Stored data:

····················

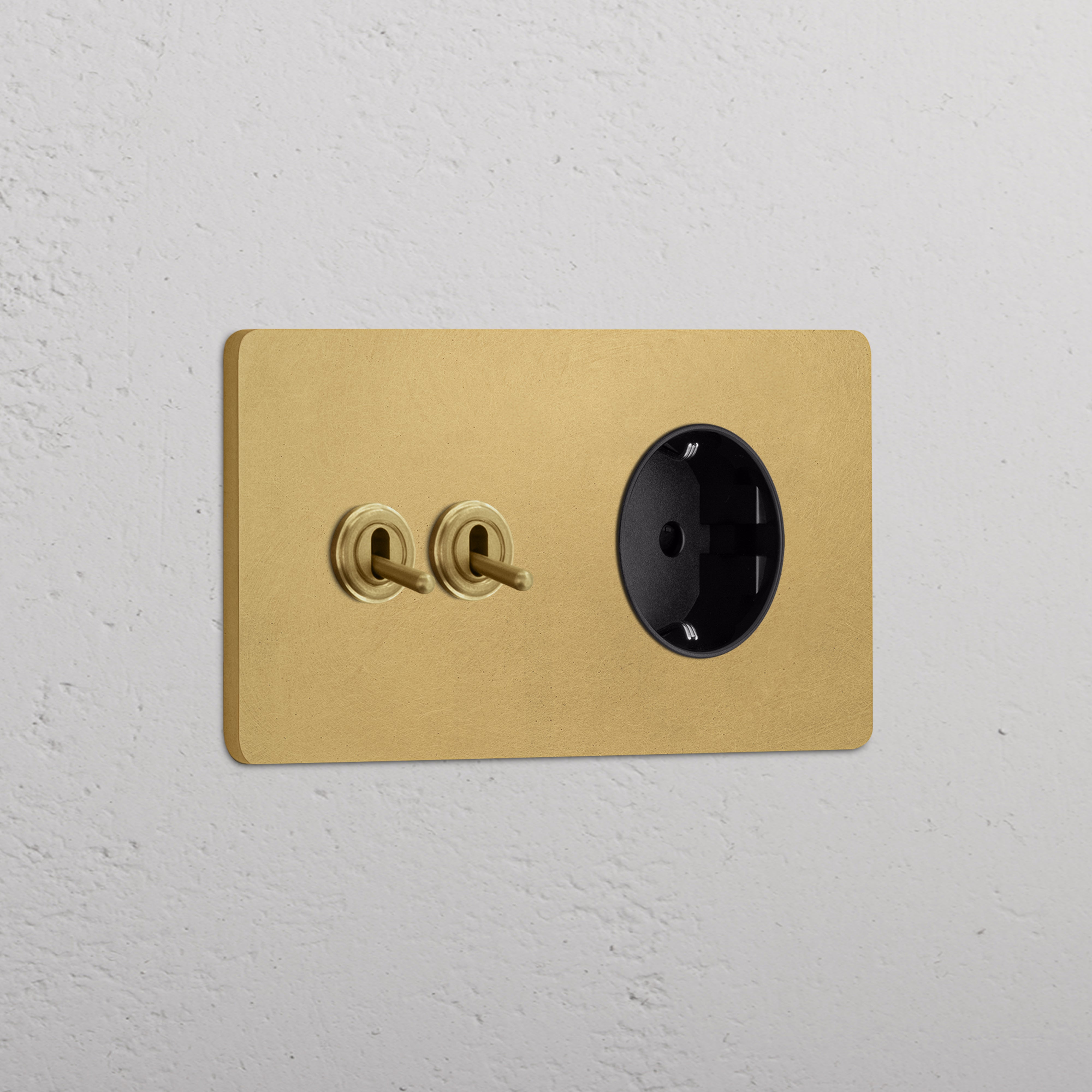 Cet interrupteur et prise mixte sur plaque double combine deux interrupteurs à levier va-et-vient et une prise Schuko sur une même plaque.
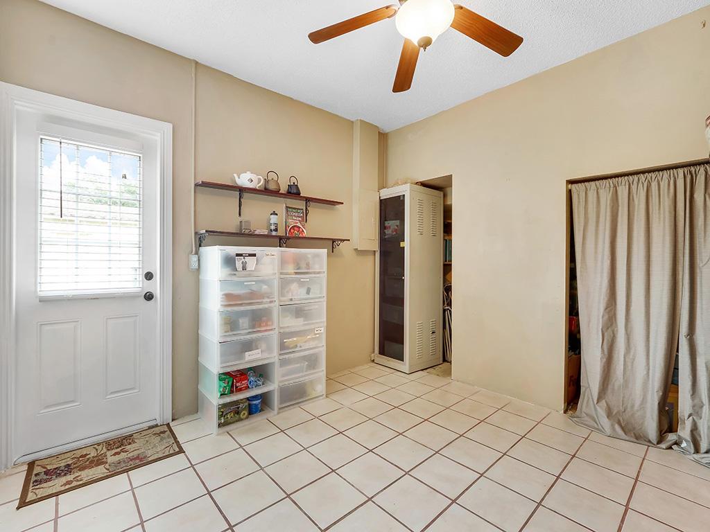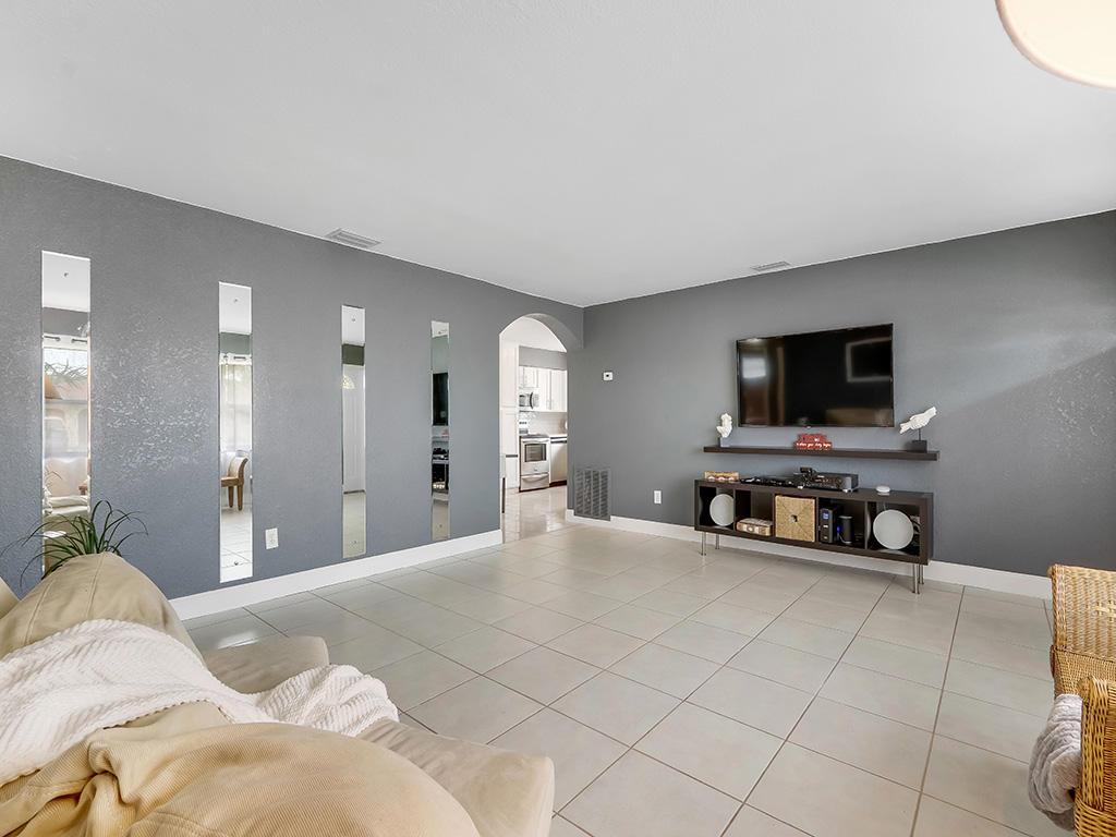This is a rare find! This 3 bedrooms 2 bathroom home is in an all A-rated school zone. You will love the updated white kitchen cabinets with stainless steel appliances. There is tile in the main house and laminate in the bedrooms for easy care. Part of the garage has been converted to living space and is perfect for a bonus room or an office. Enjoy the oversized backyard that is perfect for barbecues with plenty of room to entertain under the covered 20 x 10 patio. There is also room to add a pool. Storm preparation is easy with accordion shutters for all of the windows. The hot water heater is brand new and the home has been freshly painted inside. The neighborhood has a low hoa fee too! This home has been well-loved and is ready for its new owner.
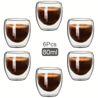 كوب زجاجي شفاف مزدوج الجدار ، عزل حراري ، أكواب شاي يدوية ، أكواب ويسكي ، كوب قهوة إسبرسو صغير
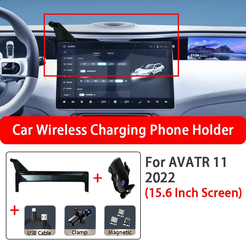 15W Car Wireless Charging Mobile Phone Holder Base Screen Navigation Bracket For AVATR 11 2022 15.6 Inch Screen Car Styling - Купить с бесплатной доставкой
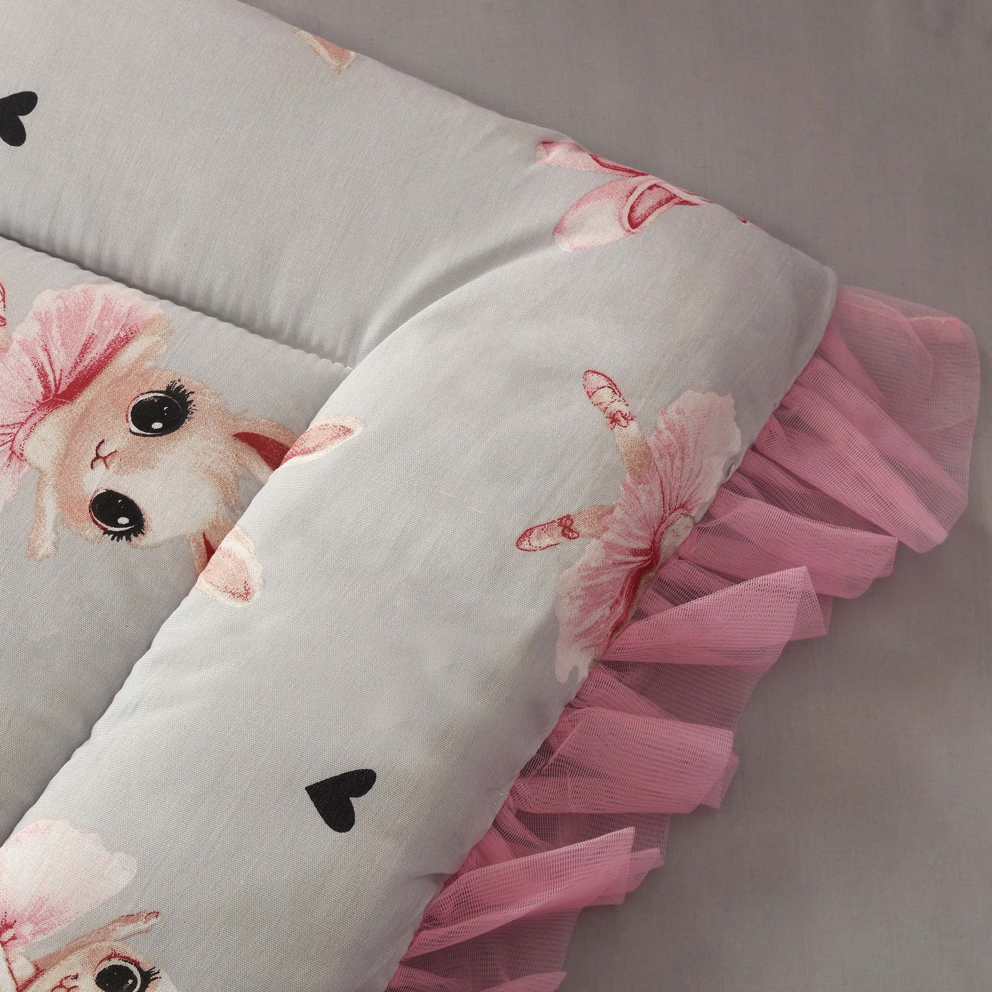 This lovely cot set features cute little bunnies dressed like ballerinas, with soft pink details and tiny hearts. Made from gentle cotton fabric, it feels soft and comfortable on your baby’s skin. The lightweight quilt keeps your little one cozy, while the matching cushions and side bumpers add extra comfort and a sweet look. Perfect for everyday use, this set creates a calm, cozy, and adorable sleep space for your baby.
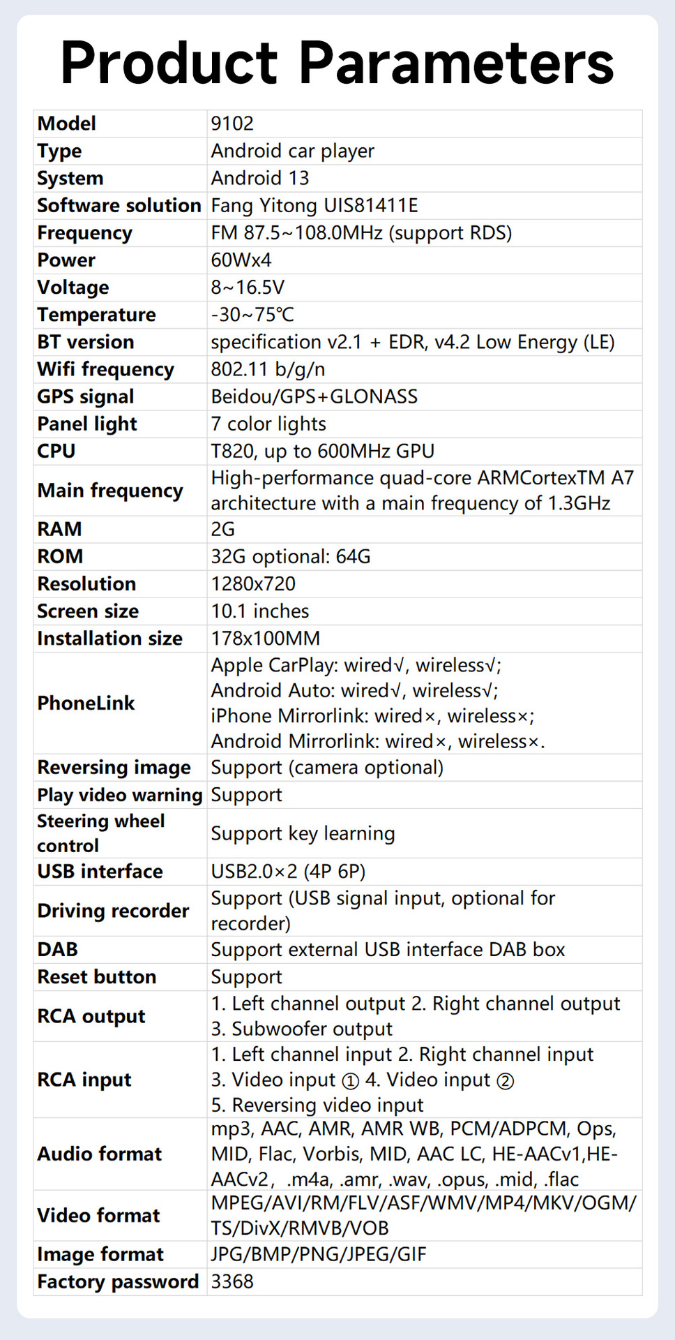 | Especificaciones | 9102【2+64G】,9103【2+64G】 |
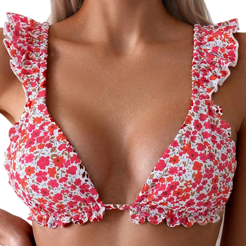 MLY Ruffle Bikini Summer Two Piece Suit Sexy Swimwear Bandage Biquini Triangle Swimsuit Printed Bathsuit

····················

- Instructions for the task:
In the records above, find the line that contains "This lovely cot". Retype it and every line after it, exactly, leaving out all pictures.

- Reply:
 This lovely cot set features cute little bunnies dressed like ballerinas, with soft pink details and tiny hearts. Made from gentle cotton fabric, it feels soft and comfortable on your baby’s skin. The lightweight quilt keeps your little one cozy, while the matching cushions and side bumpers add extra comfort and a sweet look. Perfect for everyday use, this set creates a calm, cozy, and adorable sleep space for your baby.
 | Especificaciones | 9102【2+64G】,9103【2+64G】 |
 MLY Ruffle Bikini Summer Two Piece Suit Sexy Swimwear Bandage Biquini Triangle Swimsuit Printed Bathsuit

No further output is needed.